Australian Mat Mladin won 82 AMA Superbike races and seven AMA Superbike Championships.

The following is the 15th of our “21 In ’21 series that highlights one of the 21 AMA Superbike Champions as we move through the 2021 MotoAmerica season – the 45th year of the premier class championship.

Mladin leads Tom Kipp and Miguel Duhamel in 1996.

Plain and simple: Australian Mat Mladin is the most dominant rider in the history of the AMA Superbike Championship. With seven AMA Superbike titles and 82 victories – all in the Superbike class – no one comes close.

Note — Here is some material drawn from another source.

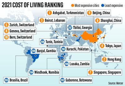 Ashgabat, the capital of Turkmenistan, Hong Kong and Beirut are the three most expensive cities in the world for overseas workers in 2021, the survey found

Mladin’s first title came in the 1992 Australian Superbike Championship, a title he won on his first attempt. The next year he inked a deal with the Giacomo Agostini-run factory Cagiva team in the Grand Prix Series, but it was a bit too much too soon and Mladin floundered, ending the season 13th in the 1993 500cc World Championship and out of a ride. He returned home and finished second in the Australian Superbike Championship, despite almost losing his foot in an ultralight plane crash.

In 1996, Mladin ventured to America and it’s there that he made a name for himself. He started his AMA career on the team he would finish it with – Yoshimura Suzuki – but in his second season he switched to Eraldo Ferracci’s Ducati team, winning four AMA Superbike races in 1997 but failing to win the title.

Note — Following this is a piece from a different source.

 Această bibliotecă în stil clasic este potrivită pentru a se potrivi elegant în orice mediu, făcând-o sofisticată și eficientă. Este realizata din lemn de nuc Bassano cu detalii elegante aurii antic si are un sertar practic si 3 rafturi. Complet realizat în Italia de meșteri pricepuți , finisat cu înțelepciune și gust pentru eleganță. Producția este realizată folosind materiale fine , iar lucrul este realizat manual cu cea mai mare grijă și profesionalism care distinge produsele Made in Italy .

The 1998 season saw Mladin reunited with the Yoshimura Suzuki team, and he won the season finale in Las Vegas. In 1999, he again won only one race at Sonoma Raceway, but earned his first title by 10 points over Ben Bostrom.

Mladin (1) leads the way over teammate Aaron Yates (20) and the rest of the Superbike pack at Barber in 2005.

Mladin simply owned the 2000s, going on a tear that would see him win seven championships and 76 more AMA Superbike races for a total of 82.

In 2000, he won four races and his second title; in 2001, he matched that win total and earned title number three; in 2002, he struggled and slipped to seventh in the title chase with no victories; the following year, 2003, he had his first truly dominant season with 10 wins and title number four; 2004 saw him win eight times en route to his fifth title; 2005 was the first of the titanic Mladin vs. Spies years with Mladin taking title number six with 11 victories; the title went to Spies in 2006 with Mladin winning eight races; in 2007 it was again Spies taking the championship by just a single point despite Mladin winning a career-high 12 races; Spies won again in 2008 with Mladin taking nine wins to Spies’ 10; in 2009, it was Mladin over Josh Hayes with the Australian winning nine times and his seventh title.

Mladin was an advocate of rider safety and he butted heads with those from the Daytona Motorsports Group when they took over the series in 2009. The situation came to a head at Heartland Park Topeka in Kansas with Mladin leaving the facility and declaring he wasn’t going to race due to unsafe track conditions. At the time he held a 126-point lead in the championship. A day later, the 37-year-old Mladin announced that he would retire at the end of the ’09 season and he would go on to win his seventh AMA Superbike Championship.

“After so many great years of racing in the USA, I will retire from AMA racing at the end of the 2009 racing season in New Jersey,” Mladin said in a press release at the time. “My career has been long and above and beyond my wildest expectations. I won my first national championship on dirt bikes back in 1981 and have had an amazing career ever since. If I had my time again, I would not change a single decision I have made, in life or in racing.”

Mladin thanked his team, most of which have been with him for years and some of whom date back to his days racing in Australia. “Without these guys, the 80+ race wins and multiple championships would not have been possible.”

After retiring, Mladin returned to his homeland of Australia but admitted to missing racing motorcycles in an interview in Cycle News.

“I really do miss racing a motorcycle, I miss it a lot,” Mladin said. “I didn’t retire because I wasn’t quick enough, I retired because I’d had enough. I miss riding the motorcycle – fast. I miss that a lot. I miss the competition… I miss getting up everyone’s nose. I miss that side of racing, the mental side of it. I also miss the camaraderie, being away with the boys in the team on the weekend.”